For Blackstone, at least, the logic is simple. The company wants money upfront to purchase more cheap, foreclosed homes before prices rise. So it’s joined forces with JP Morgan, Credit Suisse, and Deutsche Bank to bundle the rental payments of 3,207 single-family houses and sell this bond to investors with mortgages on the underlying houses offered as collateral. This is, of course, just a test case for what could become a whole new industry of rental-backed securities.

Many major Wall Street banks are involved in the deal, according to a copy of the private pitch documents Blackstone sent to potential investors on October 31st, which was reviewed by TomDispatch. Deutsche Bank, JP Morgan, and Credit Suisse are helping market the bond. Wells Fargo is the certificate administrator. Midland Loan Services, a subsidiary of PNC Bank, is the loan servicer. (By the way, Deutsche Bank, JP Morgan Chase, Wells Fargo, and PNC Bank are all members of another clique: the list of banks foreclosing on the most families in 2013.)

According to interviews with economists, industry insiders, and housing activists, people are more or less holding their collective breath, hoping that what looks like a duck, swims like a duck, and quacks like a duck won’t crash the economy the same way the last flock of ducks did.

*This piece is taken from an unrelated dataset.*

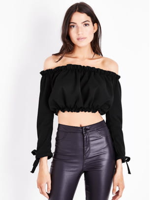 Crop top avec décolleté Bardot, détails de fronces et manches trois quarts en coloris noir de New Look

“You kind of just hope they know what they’re doing,” says Dean Baker, an economist with the Center for Economic and Policy Research. “That they have provisions for turnover and vacancies. But have they done that? Have they taken the appropriate care? I certainly wouldn’t count on it.” The cash flow analysis in the documents sent to investors assumes that 95% of these homes will be rented at all times, at an average monthly rent of $1,312. It’s an occupancy rate that real estate professionals describe as ambitious.

There’s one significant way, however, in which this kind of security differs from its mortgage-backed counterpart. When banks repossess mortgaged homes as collateral, there is at least the assumption (often incorrect due to botched or falsified paperwork from the banks) that the homeowner has, indeed, defaulted on her mortgage. In this case, however, if a single home-rental bond blows up, thousands of families could be evicted, whether or not they ever missed a single rental payment.

“We could well end up in that situation where you get a lot of people getting evicted… not because the tenants have fallen behind but because the landlords have fallen behind,” says Baker.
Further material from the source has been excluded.